[Python-ideas] reusing realpath()

Philip Jenvey pjenvey at underboss.org
Sat Sep 25 23:57:42 CEST 2010


On Sep 25, 2010, at 7:11 AM, Antoine Pitrou wrote:

> On Sun, 26 Sep 2010 00:00:57 +1000
> Ben Finney <ben+python at benfinney.id.au> wrote:
>> Antoine Pitrou <solipsis at pitrou.net>
>> writes:
>> 
>>> Again, why not simply improve realpath()?
>> 
>> Because that already does what it says it does.
> 
> So what? The behaviour of fetching the canonical name can be added to
> the behaviour of resolving symlinks. It wouldn't be incompatible with
> the current behaviour AFAICT. And it would be better than adding yet
> another function to our ménagerie of path-normalizing functions.
> We already have abspath(), normpath(), normcase(), realpath() -- all
> with very descriptive names as you might notice. We don't need another
> function.

realpath's docs describe its result as "the canonical path of the specified filename, eliminating any symbolic links encountered in the path (if they are supported by the operating system)".

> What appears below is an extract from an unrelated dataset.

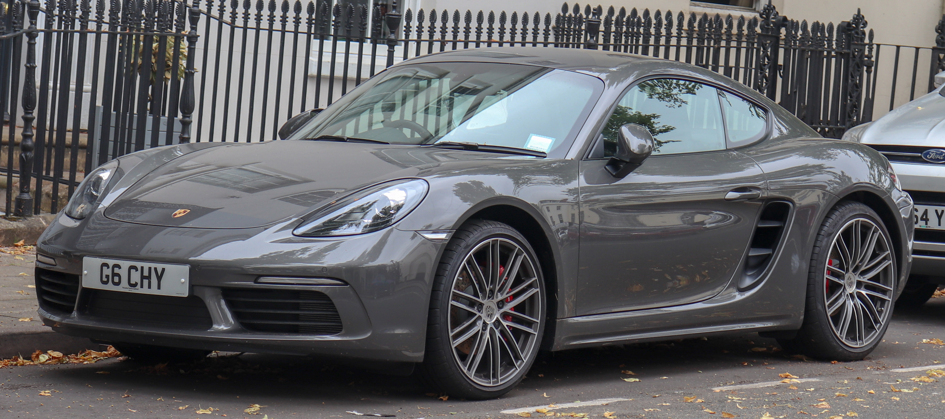 2018 Porsche 718 Cayman S S-A 2.5 Front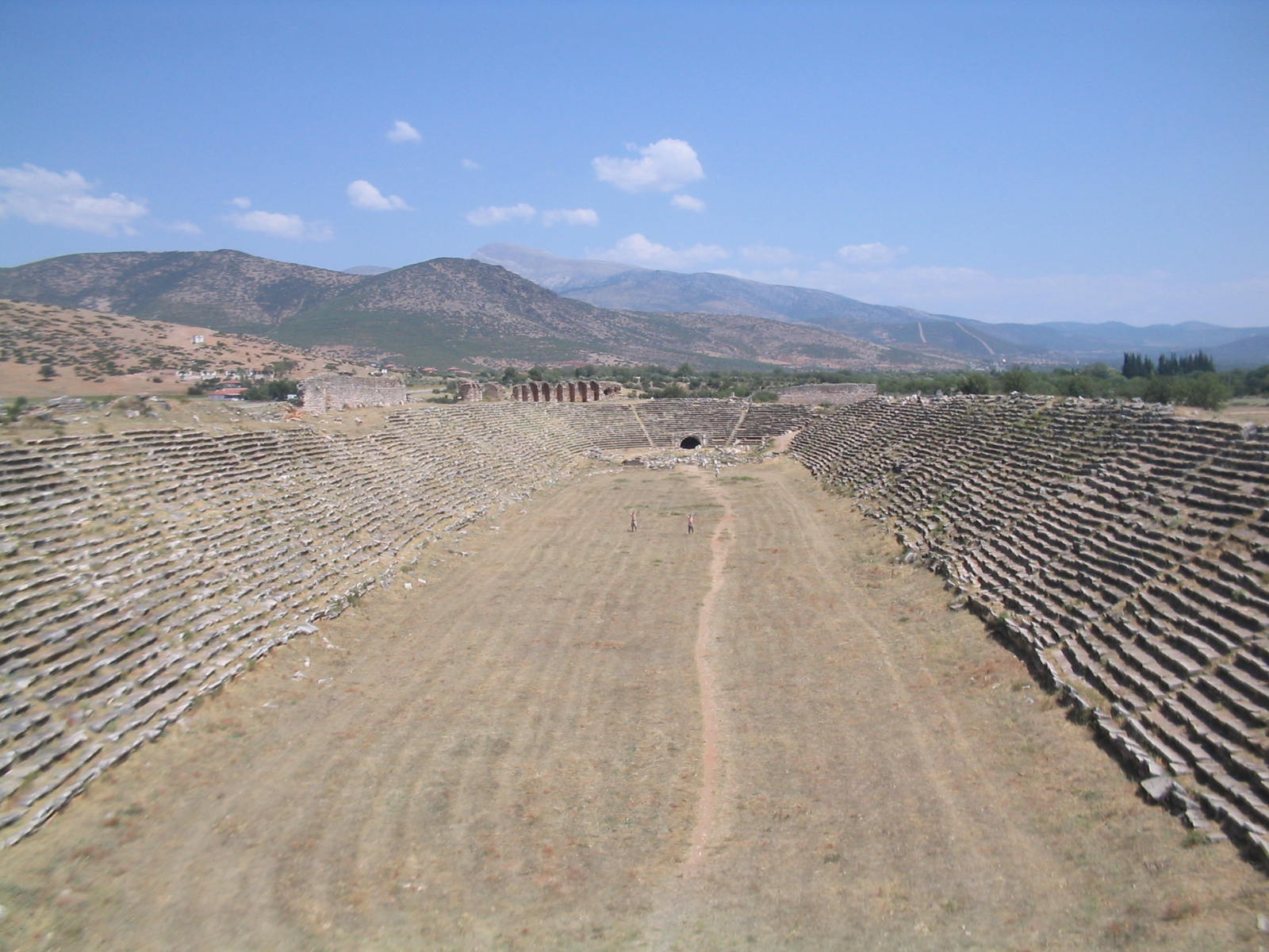 Stadium in Aphrodisias, Turkey.

"Canonical" should describe the behavior we're after, with the correct case of the filename as it is actually stored on disk.

But isn't realpath modeled after POSIX realpath(3)? realpath(3) doesn't seem to clearly guarantee the original name as stored on disk either. However realpath(3) on OSX 10.6 with case-insensitive HFS+ does return the original name as it was stored. Do any other platforms do this and do we care about maintaining parity with realpath(3)?